Create your Tone of Voice in 3 steps

With a Tone of Voice, it’s not about what you say, but how you say it. An unequivocal Tone of Voice says something about the character of your business, it makes you recognisable and helps you stand out from the competition. Be a flamingo in a flock of pigeons. But where to start? And how can you ensure that everyone uses the same speaking or writing style? Follow our step-by-step plan towards a consistent Tone of Voice with a host of tips and tricks.

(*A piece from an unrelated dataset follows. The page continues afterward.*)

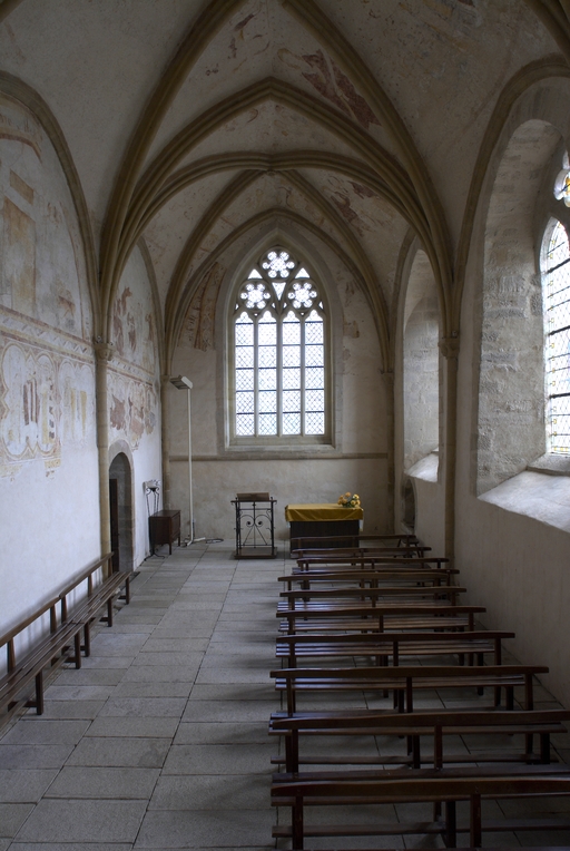 Lors de cette campagne de construction, les arcades sud de l'ancien chœur roman, qui devaient ouvrir sur un collatéral, ont été condamnées. Cet espace de 14 m sur 5 m désormais fermé a été voûté de trois travées d’ogives, et ses murs reçoivent, vers 1300, un décor de peintures murales illustrant la vie de saint Méen. Contrairement à l'opinion avancée par plusieurs auteurs, cette pièce n'a probablement jamais été une salle capitulaire : son emplacement, à l'opposé de l'ancien cloître au nord, infirme radicalement cette thèse hasardée sur une simple similitude d'aspect. Elle semble bien plutôt avoir été conçue dès l’origine pour renfermer l’important trésor de l’abbaye, qui abritait entre autres précieuses reliques les chefs et bras reliquaires de saint Méen et de saint Judicael, mentionnés dans une description de 1646. Son unique accès d'origine, par une petite porte dans le mur sud du chœur, ses voûtes d'ogives et ses fenêtres encore garnies de leurs grilles d'origine semblent appuyer l’hypothèse. Le style des peintures murales et la représentation dans une des scènes d'un carme au manteau rayé, abandonné par cet ordre au profit du manteau blanc à partir de 1287, situent ces peintures aux alentours de 1300. L'ouverture actuelle de cette pièce sur le bras sud du transept après démolition du refend qui l'en séparait résulte de sa transformation au XVIIe siècle en chapelle dédiée à saint Vincent Ferrier, puis de nouveau en sacristie au XIXe siècle.
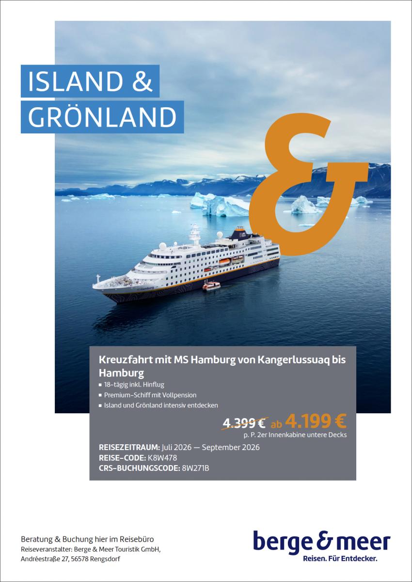 Island & Grönland, Kreuzfahrt mit MS Hamburg am 05.09.26 18 Tage inkl. Vollpension und Hinflug, Schon ab 4.199,-€ p.P. in der Innenkabine 100,-€ Bordguthaben inkl. p.P.

A Tone of Voice is a crucial aspect of the branding of your business. Let’s illustrate with an example. Below, you’ll find two sentences that mean exactly the same thing, but the wording is different:

  1. The purpose of the writings below is to communicate to you the relevance of a Tone of Voice.
  2. Let’s have a look at why a Tone of Voice is so crucial.

The voice (what you say) is the same, but the tone (how you say it) clearly isn’t. The ‘how of the what’ or the Tone of Voice is part of the identity of your business and creates recognisability and customer trust. Like the American author Maya Angelou once said: “People don't always remember what you say or even what you do, but they always remember how you made them feel." Words of wisdom!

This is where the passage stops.